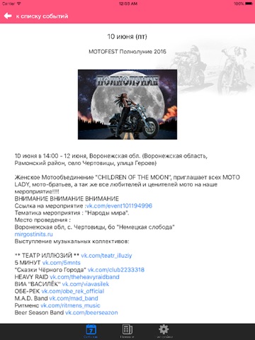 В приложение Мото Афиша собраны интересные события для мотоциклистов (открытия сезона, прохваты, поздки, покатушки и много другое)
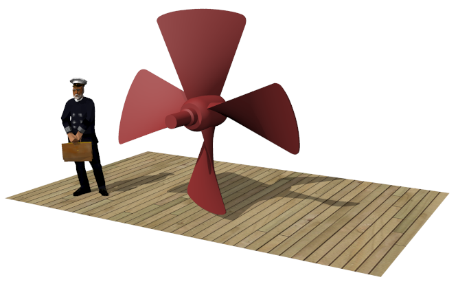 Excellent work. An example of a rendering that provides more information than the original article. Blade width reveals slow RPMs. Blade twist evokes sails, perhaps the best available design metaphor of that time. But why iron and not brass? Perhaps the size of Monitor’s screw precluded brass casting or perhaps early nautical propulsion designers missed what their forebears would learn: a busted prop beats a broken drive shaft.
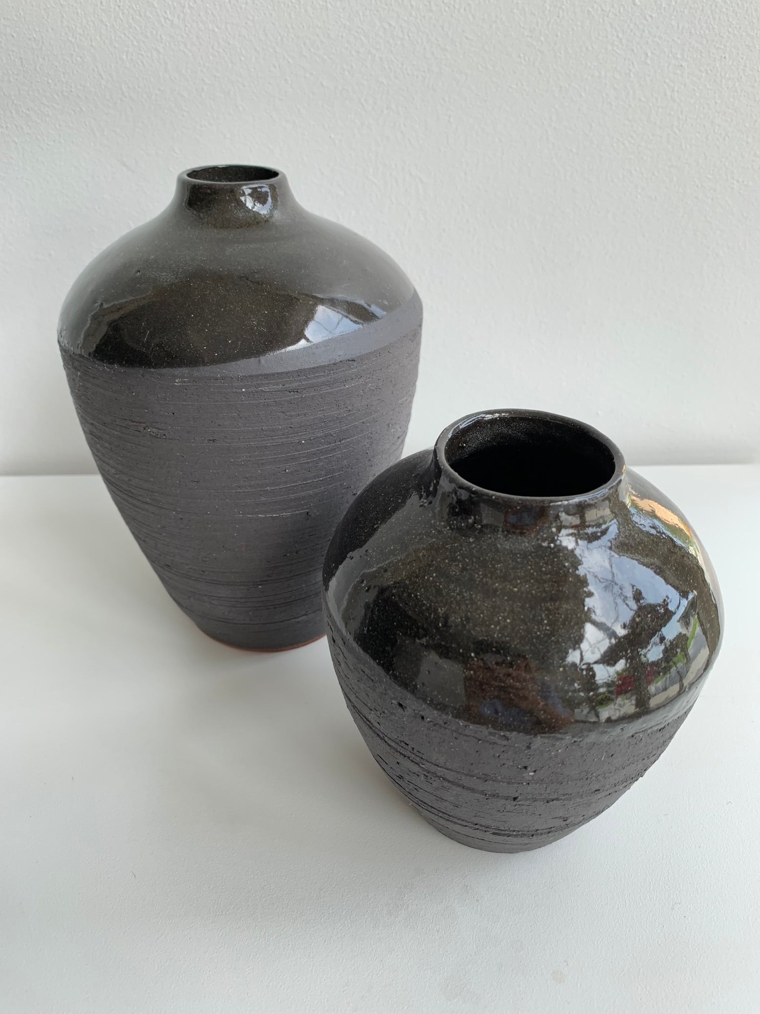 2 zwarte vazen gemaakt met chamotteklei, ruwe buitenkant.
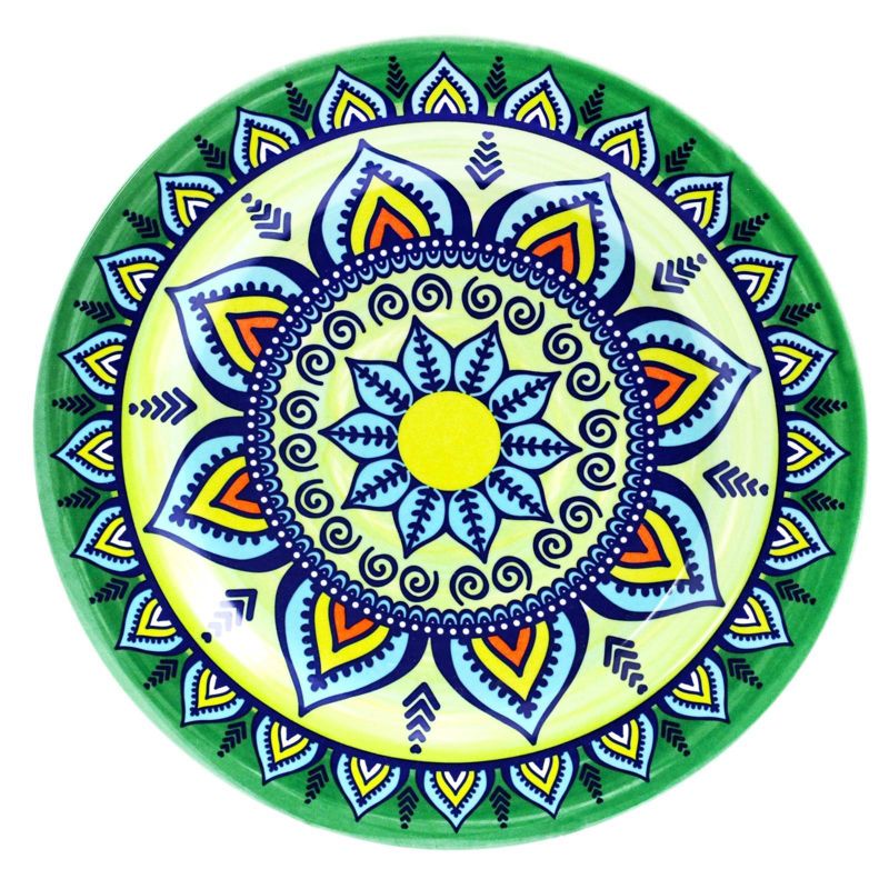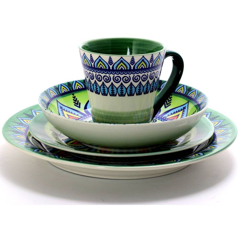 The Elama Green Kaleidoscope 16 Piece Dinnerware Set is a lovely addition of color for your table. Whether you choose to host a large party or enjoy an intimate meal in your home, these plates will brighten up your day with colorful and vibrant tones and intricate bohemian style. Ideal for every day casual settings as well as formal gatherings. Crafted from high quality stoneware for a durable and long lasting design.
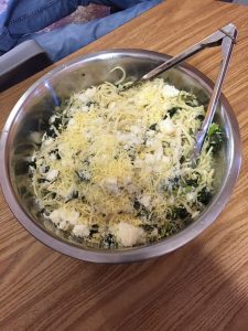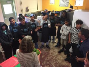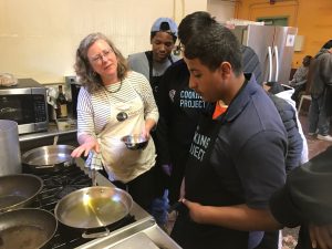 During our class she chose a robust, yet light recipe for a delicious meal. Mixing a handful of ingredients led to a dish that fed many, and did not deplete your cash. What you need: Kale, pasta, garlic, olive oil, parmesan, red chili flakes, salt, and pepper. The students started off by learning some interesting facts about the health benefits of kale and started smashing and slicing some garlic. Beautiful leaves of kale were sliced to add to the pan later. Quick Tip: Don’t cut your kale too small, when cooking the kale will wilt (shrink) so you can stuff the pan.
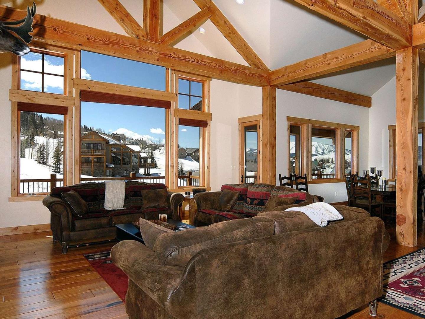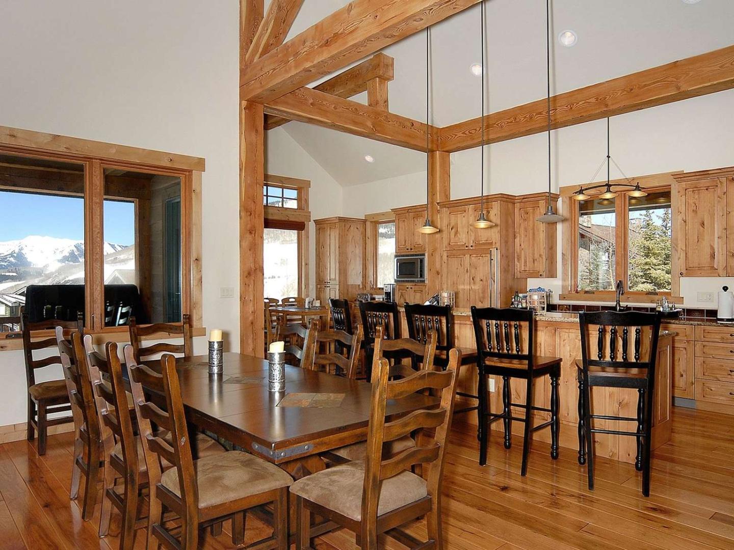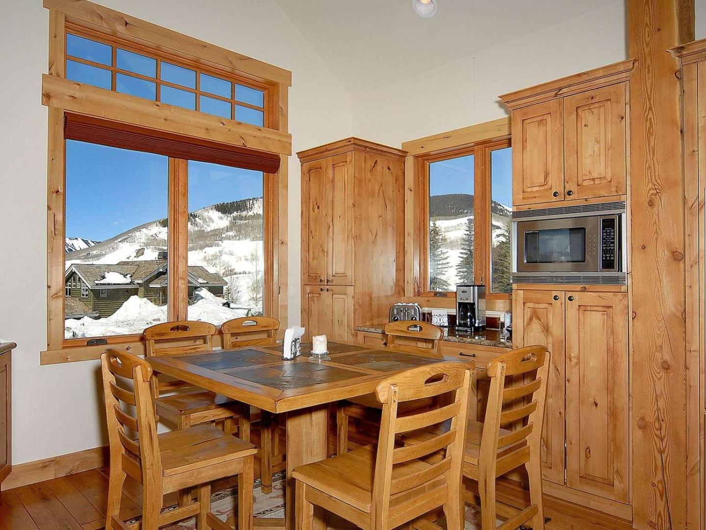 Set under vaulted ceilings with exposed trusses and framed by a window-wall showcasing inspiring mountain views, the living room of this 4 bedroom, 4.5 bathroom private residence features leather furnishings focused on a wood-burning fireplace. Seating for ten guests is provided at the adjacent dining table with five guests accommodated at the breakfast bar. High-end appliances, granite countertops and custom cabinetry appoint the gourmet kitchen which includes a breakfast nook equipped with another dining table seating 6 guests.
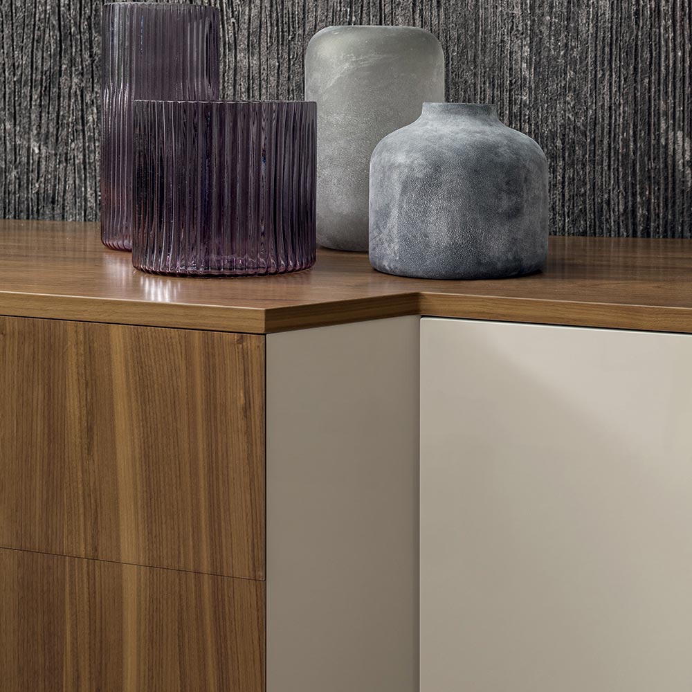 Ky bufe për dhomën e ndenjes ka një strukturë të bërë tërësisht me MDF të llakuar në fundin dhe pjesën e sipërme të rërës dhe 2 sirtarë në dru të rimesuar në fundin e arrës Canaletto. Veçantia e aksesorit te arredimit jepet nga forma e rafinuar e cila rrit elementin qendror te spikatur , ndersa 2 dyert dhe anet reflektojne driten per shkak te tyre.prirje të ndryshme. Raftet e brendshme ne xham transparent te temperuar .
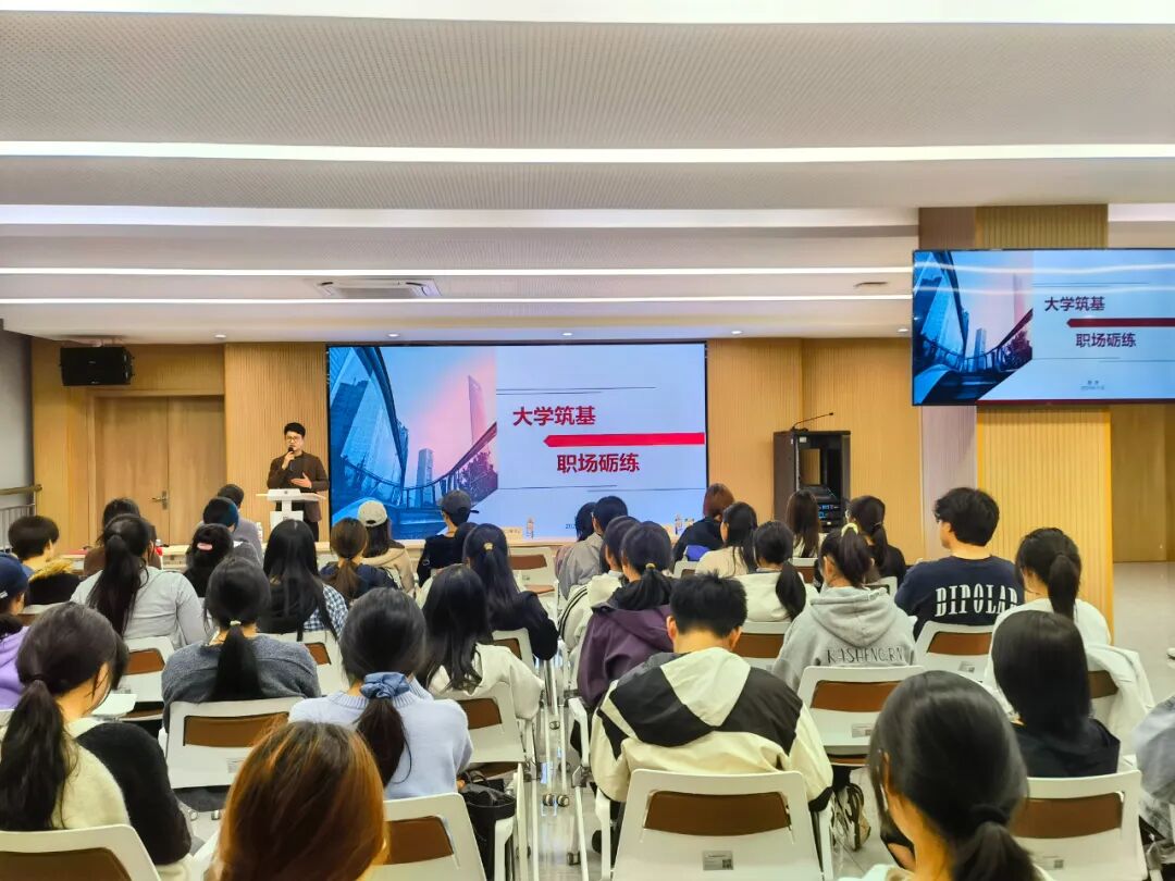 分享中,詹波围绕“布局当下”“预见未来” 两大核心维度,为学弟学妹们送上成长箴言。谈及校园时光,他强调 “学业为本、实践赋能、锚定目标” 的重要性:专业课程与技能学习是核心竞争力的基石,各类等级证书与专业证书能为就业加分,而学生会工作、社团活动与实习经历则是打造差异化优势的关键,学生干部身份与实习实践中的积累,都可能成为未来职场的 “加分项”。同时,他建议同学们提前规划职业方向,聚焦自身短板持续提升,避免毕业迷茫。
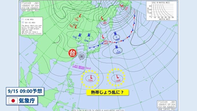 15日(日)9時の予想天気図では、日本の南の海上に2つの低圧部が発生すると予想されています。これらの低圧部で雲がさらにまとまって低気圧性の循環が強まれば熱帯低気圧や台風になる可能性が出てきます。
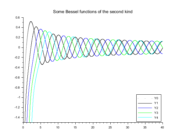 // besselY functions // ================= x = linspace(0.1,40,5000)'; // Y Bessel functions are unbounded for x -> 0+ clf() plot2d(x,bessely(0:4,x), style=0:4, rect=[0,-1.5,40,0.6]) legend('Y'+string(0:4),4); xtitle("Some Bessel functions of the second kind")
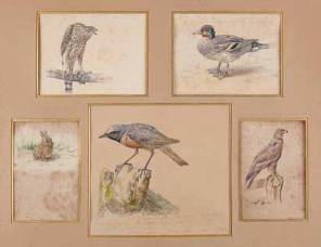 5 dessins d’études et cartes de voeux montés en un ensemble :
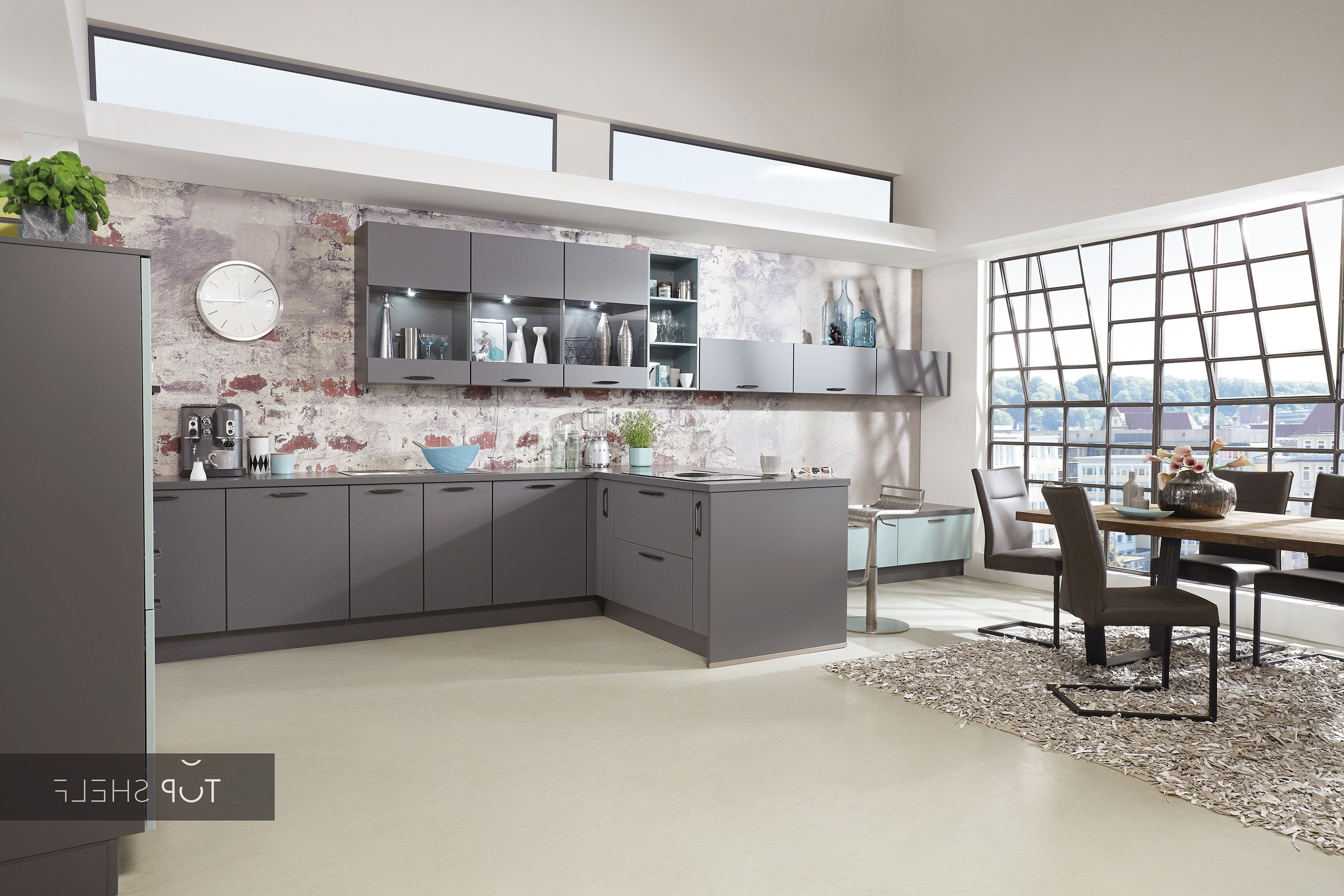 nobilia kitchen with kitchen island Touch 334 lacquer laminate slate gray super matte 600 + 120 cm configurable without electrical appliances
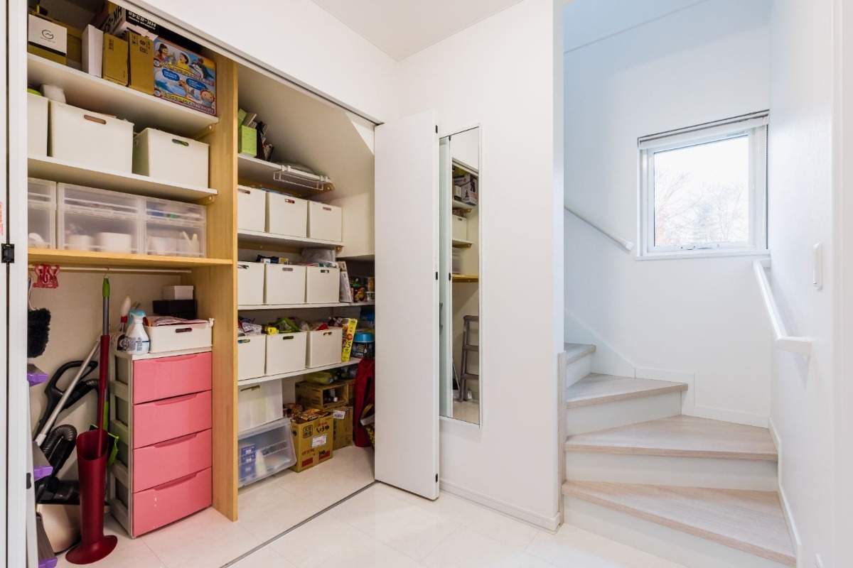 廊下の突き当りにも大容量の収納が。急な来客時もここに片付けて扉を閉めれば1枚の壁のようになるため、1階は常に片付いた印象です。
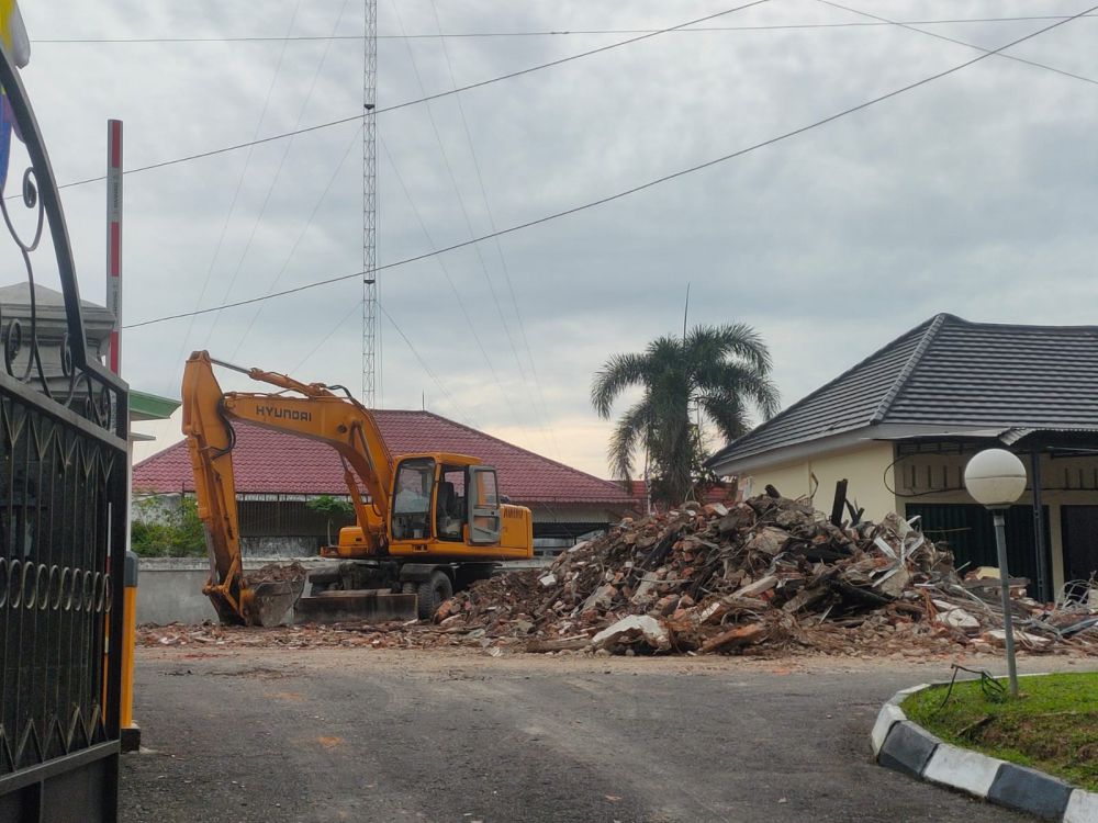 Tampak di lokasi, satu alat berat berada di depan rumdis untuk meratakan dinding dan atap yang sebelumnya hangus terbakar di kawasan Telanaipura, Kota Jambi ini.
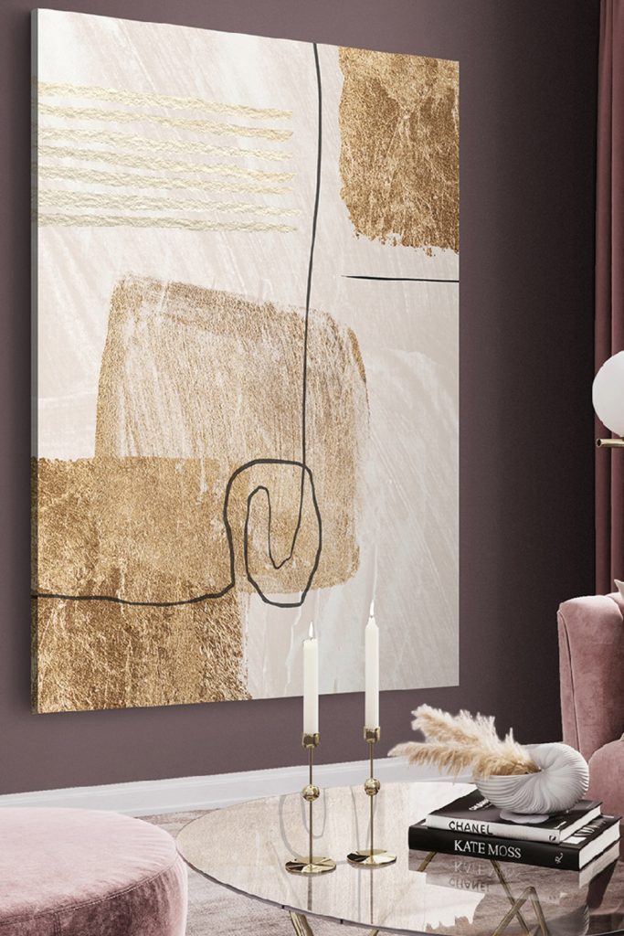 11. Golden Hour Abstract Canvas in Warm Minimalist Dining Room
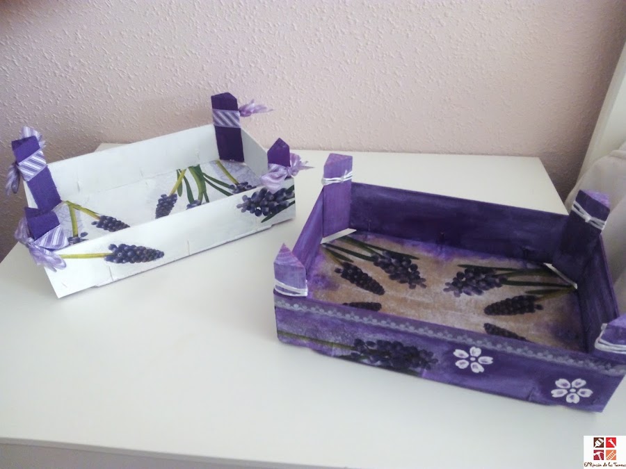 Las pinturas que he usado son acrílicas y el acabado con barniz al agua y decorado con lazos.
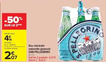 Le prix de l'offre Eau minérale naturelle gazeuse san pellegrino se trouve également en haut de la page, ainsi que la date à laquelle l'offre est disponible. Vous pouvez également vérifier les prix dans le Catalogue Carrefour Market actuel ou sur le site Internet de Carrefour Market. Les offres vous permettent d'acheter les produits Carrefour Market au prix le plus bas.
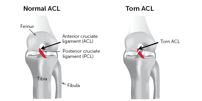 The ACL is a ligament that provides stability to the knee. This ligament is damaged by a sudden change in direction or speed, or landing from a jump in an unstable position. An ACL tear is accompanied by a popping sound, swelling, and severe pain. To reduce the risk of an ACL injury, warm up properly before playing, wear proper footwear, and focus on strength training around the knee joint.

**EXERCISE DETAILS**
From the line containing "Las pinturas que" through the last line of the records, both included, output those lines exactly and nothing else; skip the pictures.

**ANSWER FOR THE TASK**
 Las pinturas que he usado son acrílicas y el acabado con barniz al agua y decorado con lazos.
 Le prix de l'offre Eau minérale naturelle gazeuse san pellegrino se trouve également en haut de la page, ainsi que la date à laquelle l'offre est disponible. Vous pouvez également vérifier les prix dans le Catalogue Carrefour Market actuel ou sur le site Internet de Carrefour Market. Les offres vous permettent d'acheter les produits Carrefour Market au prix le plus bas.
 The ACL is a ligament that provides stability to the knee. This ligament is damaged by a sudden change in direction or speed, or landing from a jump in an unstable position. An ACL tear is accompanied by a popping sound, swelling, and severe pain. To reduce the risk of an ACL injury, warm up properly before playing, wear proper footwear, and focus on strength training around the knee joint.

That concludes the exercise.